Buzz Break: The Facial Frontier


· We think we know who Zachary Quinto is emulating with that mustache, but first, we'd need confirmation that his sweater is angora.

· The ratings for I'm Heidi Montag, Get Me Out of Here! are in...and they're decent, climbing after each half-hour. Stop this right now, America.

· Also! Daniel Baldwin will be filling in for Speidi, now that the latter pair has quit the show.

· Adam Lambert stepped out with his maybe-boyfriend, and they held hands -- a quaint custom that's been resuscitated specifically so that celebrities can indicate their couplehood in front of the paparazzi.

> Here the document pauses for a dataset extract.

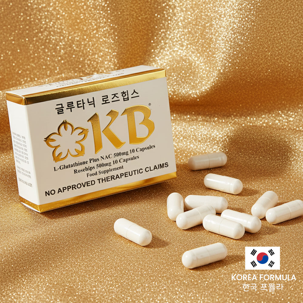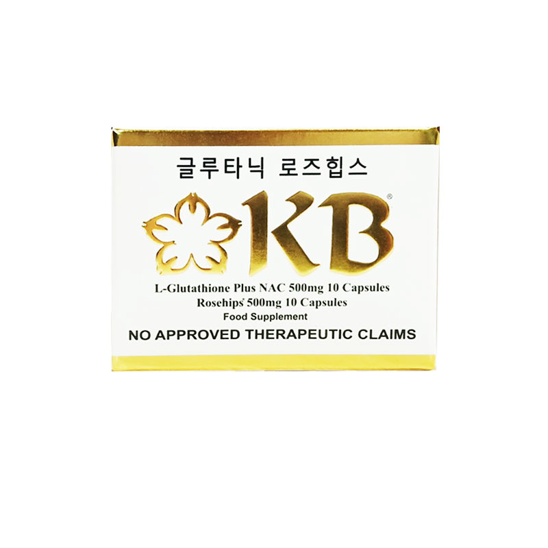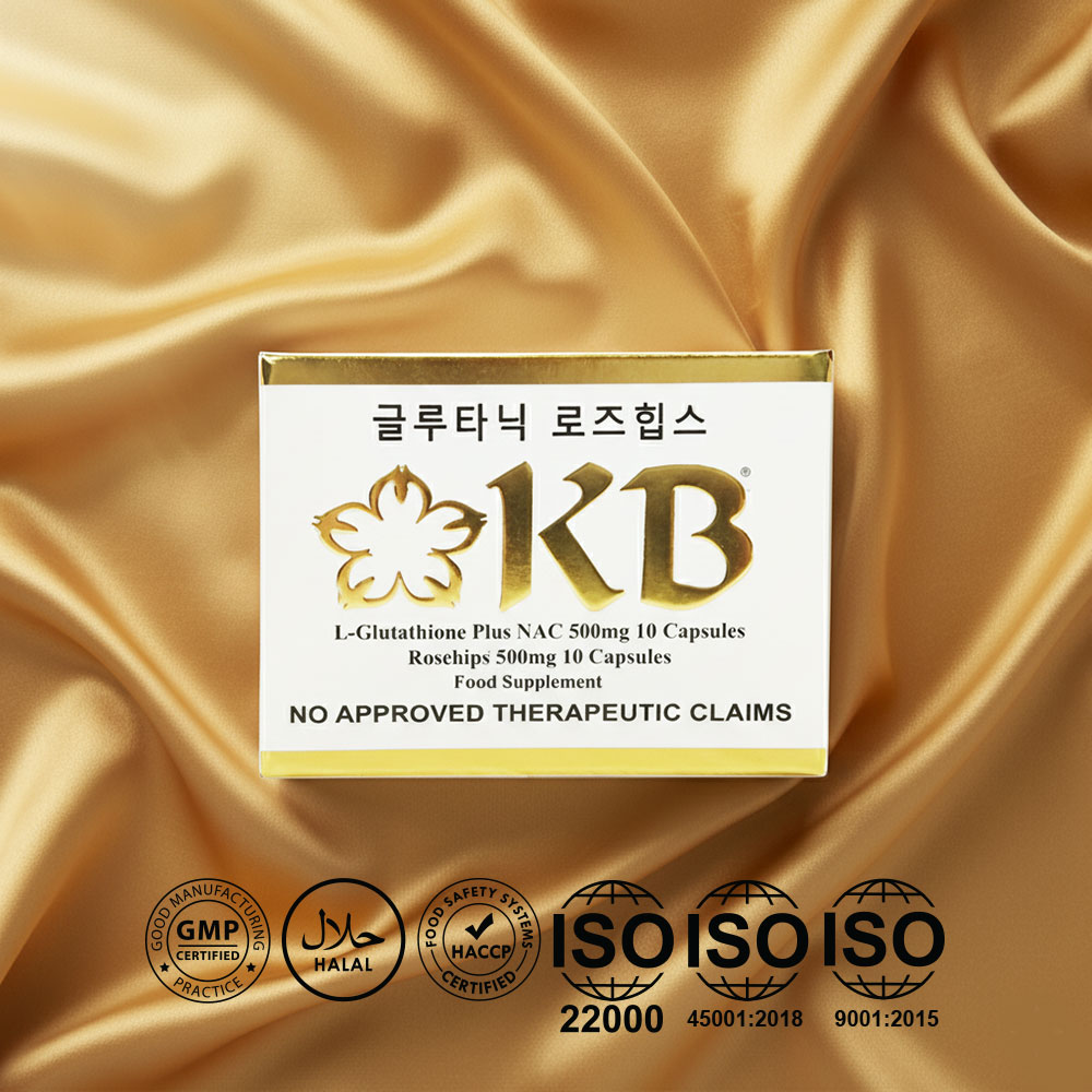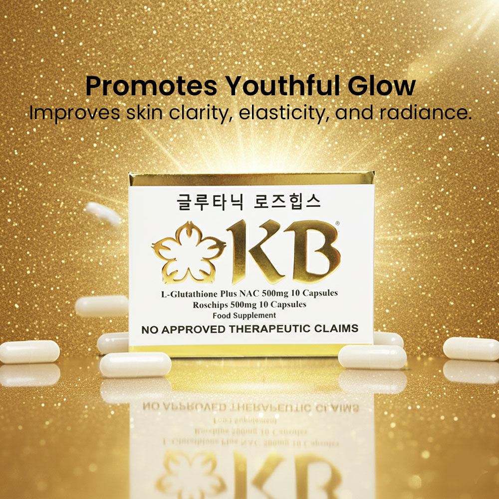 KB Glutathione + KB Rosehips is a dietary supplement formulated to promote brighter, healthier, and more youthful-looking skin. It combines the powerful antioxidant L-Glutathione with Rosehips extract, a rich source of Vitamin C, to help detoxify the body and enhance the natural skin-whitening process.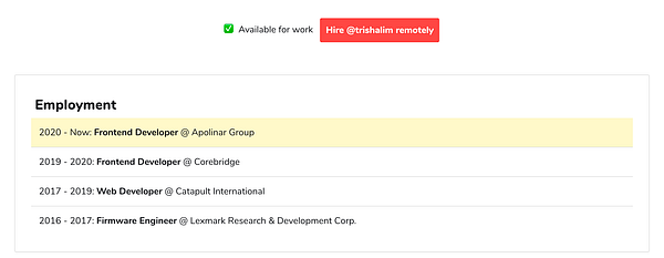 style resume better with borders and padding and highlight current position

· Brad Pitt absolutely loves using baby wipes...on himself. I smell a buddy comedy with Terrence Howard!


  • sweetbiscuit says:

    If I ask you really nicely, will you please never post again about NBC's new "reality" upchuck? If we all turn our attention elsewhere, maybe it will go away.

  • NoWireHangers says:

    I don't know what made me love him more: his John Waters 'stache, the fact that he puts antibacterial ointment in his nostrils, or that his female friend is plump. Kyle, when are we going to Akbar?

  • Furious D says:

    1. Looks like he's channeling his inner Argentinian pimp from the 1930s.
    2. They only watched in the vain hope that someone would get bitten by a poisonous snake, or eaten by a crocodile.
    3. Can Daniel Baldwin bring the douchebaggery necessary to fill in for the refugee from The Hills?
    4. I guess they must be gone a courtin'. It's nice to see good old fashioned folks doing good old fashioned things.
    5. Too easy.

  • Inhaler says:

    Zachary, taking wardrobe cues from Cisco Adler? I suggest an intervention is in order.